Long version:
I'm new to erlang, and considering using it for a scalable architecture. I've found many proponents of the platform touting its reliability and fault tolerance.
However, I'm struggling to understand exactly how fault-tolerance is achieved in this system where messages are queued in transient memory. I understand that a supervisor hierarchy can be arranged to respawn deceased processes, but I've been unable to find much discussion of the implications of respawning on works-in-progress. What happens to in-flight messages and the artifacts of partially-completed work that were lost on a dying node?
Will all producers automatically retransmit messages that are not ack'd when consumer processes die? If not, how can this be considered fault-tolerant? And if so, what prevents a message that was processed -- but not quite acknowledged -- from being retransmitted, and hence reprocessed inappropriately?
(I recognize that these concerns are not unique to erlang; similar concerns will arise in any distributed processing system. But erlang enthusiasts seem to claim that the platform makes this all "easy"..?)

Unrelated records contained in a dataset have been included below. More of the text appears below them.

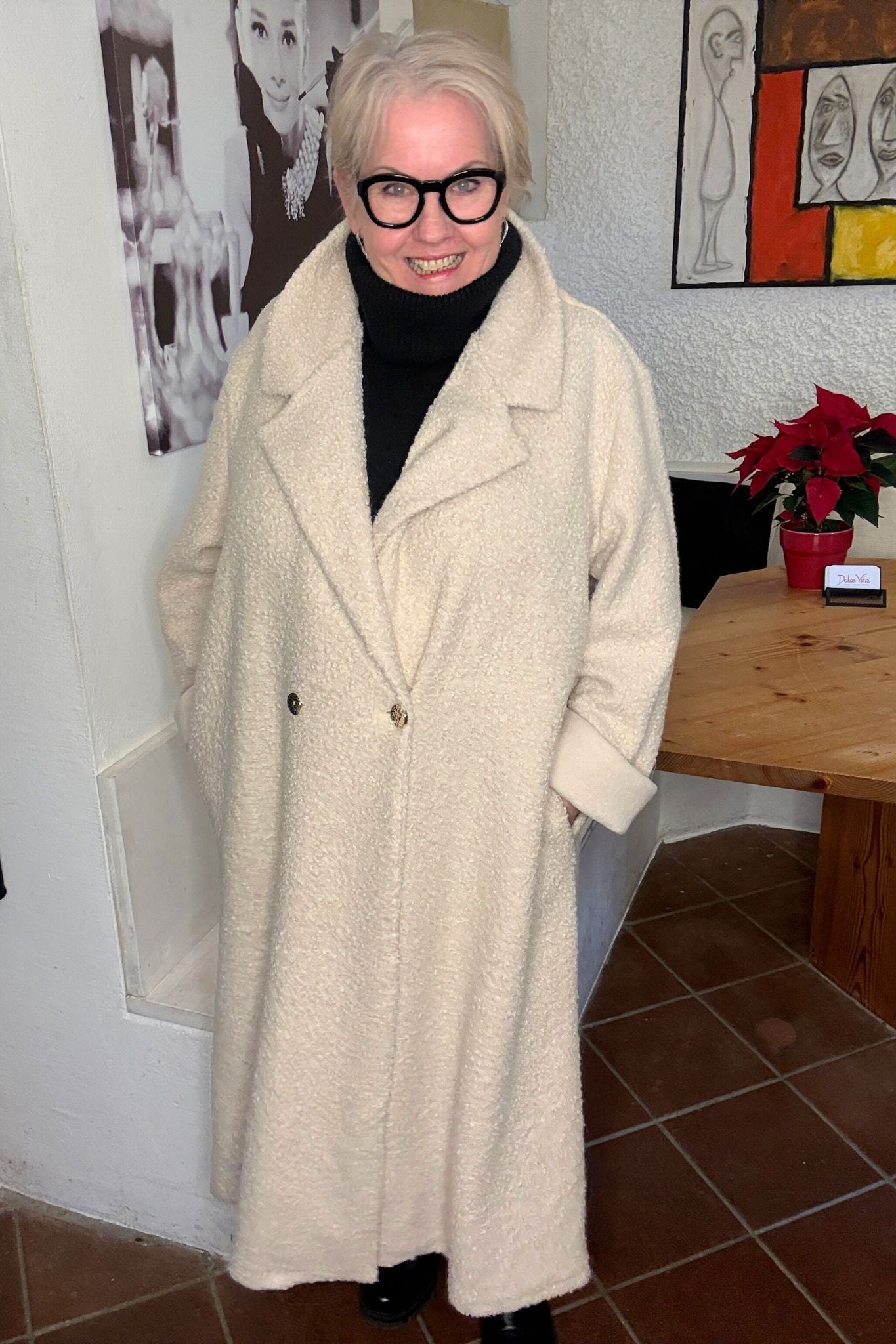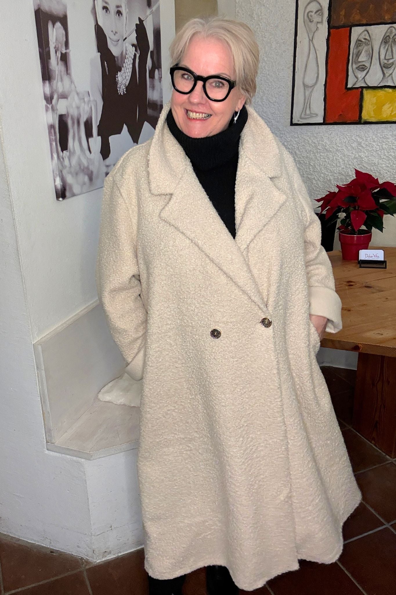 Dieser cremefarbene Bouclé-Mantel ist nicht nur warm und stylisch – er bringt auch doppelte Snoopy-Power auf den Rücken! Zwei verschiedene Rückseiten-Designs machen ihn zu einem echten Sammlerstück.
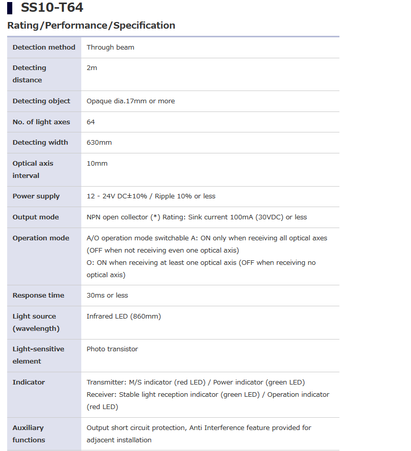 TAKEX竹中 SS10-T64 SS10 Series 超薄型光幕传感器 电话:0755-84670052 0755-83317701 手机/微信:13682357549 13246646513 QQ:672776553 564600083 1903656788 Email:672776553@qq.com 564600083@qq.com
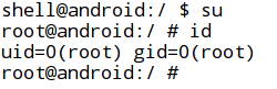 - Let us first reconfirm manually if the device is rooted by executing "su" and "id" commands.

Assuming messages are retransmitted, I can easily envision a scenario where the downstream effects of a complex messaging chain could become very muddled after a fault. Without some sort of heavy distributed transaction system, I don't understand how consistency and correctness can be maintained without addressing duplication in every process. Must my application code always enforce constraints to prevent transactions from being executed more than once?
Short version:
Are distributed erlang processes subject to duplicated messages? If so, is duplicate-protection an application responsibility, or does erlang/OTP somehow help us with this?